• _Work instructions_
In the entries below, find the line with "This pack has" and the line with "来自基础、概论、纲要和原理等"; copy them and every line between them exactly, but not the pictures.

• _Given data_

━━━━━━━━

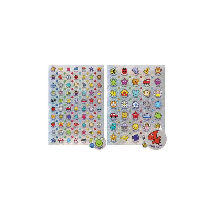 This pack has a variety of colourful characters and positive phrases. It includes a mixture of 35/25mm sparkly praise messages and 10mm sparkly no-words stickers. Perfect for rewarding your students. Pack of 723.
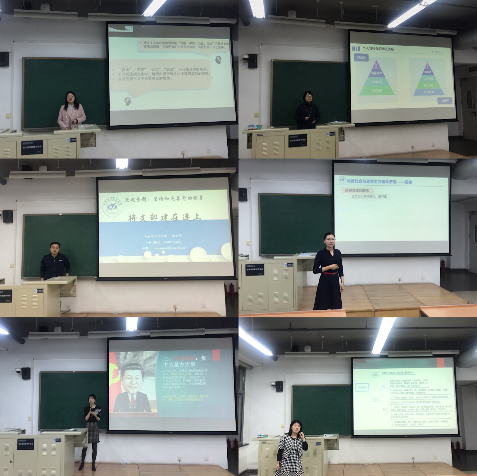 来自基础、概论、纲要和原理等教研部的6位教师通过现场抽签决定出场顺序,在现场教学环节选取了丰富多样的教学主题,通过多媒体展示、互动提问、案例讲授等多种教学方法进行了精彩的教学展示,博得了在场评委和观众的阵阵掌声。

━━━━━━━━

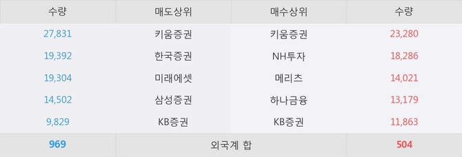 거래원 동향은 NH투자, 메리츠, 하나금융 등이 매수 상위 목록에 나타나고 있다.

━━━━━━━━

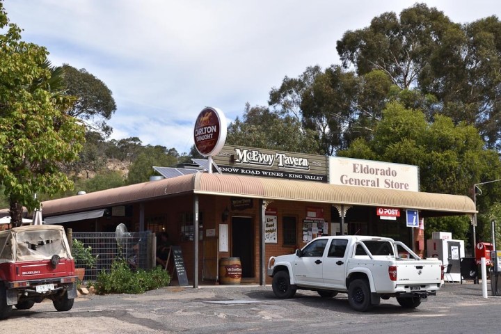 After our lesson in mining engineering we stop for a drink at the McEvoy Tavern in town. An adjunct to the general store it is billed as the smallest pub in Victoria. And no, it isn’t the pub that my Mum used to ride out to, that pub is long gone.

━━━━━━━━

• _Exercise output_
 This pack has a variety of colourful characters and positive phrases. It includes a mixture of 35/25mm sparkly praise messages and 10mm sparkly no-words stickers. Perfect for rewarding your students. Pack of 723.
 来自基础、概论、纲要和原理等教研部的6位教师通过现场抽签决定出场顺序,在现场教学环节选取了丰富多样的教学主题,通过多媒体展示、互动提问、案例讲授等多种教学方法进行了精彩的教学展示,博得了在场评委和观众的阵阵掌声。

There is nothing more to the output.